Preparing for service disruptions or your own absence will help your classes go smoothly even during this year of many challenges.

At the beginning of the school year, just as huge numbers of students and teachers were logging on to their new virtual classrooms for the first time, the popular videoconferencing platform Zoom had an outage. In an article about that crash, one administrator was quoted as saying, “2020 is a year of whatever can go wrong, has.”

This outage was one of many issues that educators had to overcome as a multitude of teachers have been asked to teach virtually or synchronously online for the first time in their careers. Many of these teachers have had little time to prepare and few resources. One item in particular that teachers may not have had time to prepare for would be a backup plan.

What will you as a teacher do when your synchronous class goes down or your learning management system (LMS) is unreachable? Often these outages do not last long, but they can be very disruptive to students without a backup plan.

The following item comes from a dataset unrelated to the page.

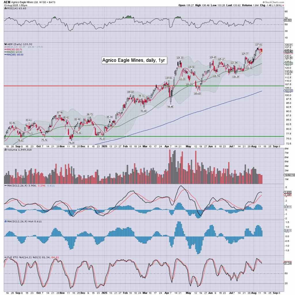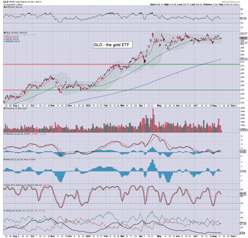 Gold/GLD: marginally higher, currently around $3354, helped by the moderately weaker dollar, and sig’ lower bond yields. Gold bugs should be open to psy’ $3K this Oct’

What happens when you’re unable to be present for a day, or two, or three in your virtual class? Illness can happen to a teacher or family member that would require them to be away from the computer for several days.

Many teachers are required to have a folder with a set of substitute plans detailing students’ names and information, policies, procedures, and classwork. These are often called substitute binders. But what about your new virtual classroom—do you have a set of substitute plans for it?

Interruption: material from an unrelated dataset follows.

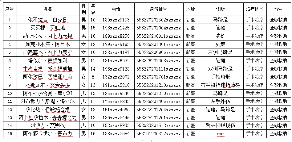 “携手童行---新疆、西藏、青海困境留守儿童骨病肢残人救助项目” 救治对象公示表

As with the regular classroom, teachers can construct a virtual substitute binder. Saving these items in a Google doc or another easily accessed file can help make your virtual classroom a success even when you or your virtual classroom are unavailable.

1. A communication plan: In these types of situations, it is vitally important that you be able to reach your students and sometimes their parents to let them know what to do. Services like Remind and Google Voice can help you to quickly send text or phone messages to students and parents without giving out your personal contact number. Consider having a couple of preset template emails ready to send.

Email to students and/or parents: This email lets the students know that you or the class are unavailable and contains links to activities for students.

Email to another teacher: If you have a backup teacher filling in for you, this email would contain a link to your binder and names of other teachers or administrators he or she could reach out to with questions. Also, including a quick checklist of procedures and a class meeting schedule would be helpful.

2. Previously selected activities: Having previously selected content available that you can provide to students so that they can continue learning is vital when your virtual classroom is unavailable. Here are some examples that you can use or modify based on your classroom.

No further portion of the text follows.